Aerogel-based oil sorbents derived from pomelo (Citrus grandis L.) peels as potential gel matrices for food applications: Formation, properties and in-vitro oral processing

This study demonstrates the transformation of pomelo peel (PP) into aerogel templates for efficient rice bran oil absorption, producing effective oil sorbents. PP powder (5–10% w/w) of 125 and 250 μm particle sizes was emulsified with water, treated hydrothermally at 95 °C for 2 h, and freeze-dried to form aerogels. Upon immersion in oil, these templates formed gel-like sorbents.

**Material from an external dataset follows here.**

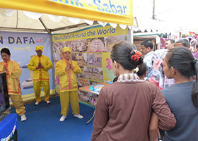 六月六日至八日,泰国法轮功学员来到呵叻府的府城Korat市洪法教功。不少人前来了解和学炼法轮功,路人纷纷拍照、索要资料。

Aerogels with higher PP content exhibited an increase in density (from 26.65 to 77.75 mg/cm³), porosity (from 90.54% to 96.51%), and hardness (from 14.27 to 169.76 N), while cohesiveness decreased (from 40.00% to 21.59%) due to particle-to-particle interactions. The 250 μm PP-based aerogels with 5%–7% PP content demonstrated superior oil-holding capacity compared to the 125 μm ones; however, this capacity decreased as PP content increased from 8% to 10%. Microstructural analysis revealed a mix of mesopores and micropores, with mesopores dominating at lower PP concentrations. Fourier transform infrared spectroscopy (FTIR) analysis confirmed chemical changes post-treatment, yet no new peaks emerged after oil sorption, indicating a mainly physical process. Sorbents with lower PP content (5–6%) exhibited greater cohesiveness, increasing from 27.01% to 40.00%, due to particle-to-oil interaction, making them more suitable for food applications, as they broke down fully during in-vitro oral processing. Higher PP content (8%–10%) resulted in a high friction coefficient, rendering it unsuitable as a fat replacer. In contrast, sorbents with lower PP content sorbents (5%–7%) exhibited a decrease in lubrication as PP content increased, as indicated by measurements of oil release, droplet size, tribology, bolus fragmentation, and viscosity. This method offers potential for fat replacers and functional food ingredients.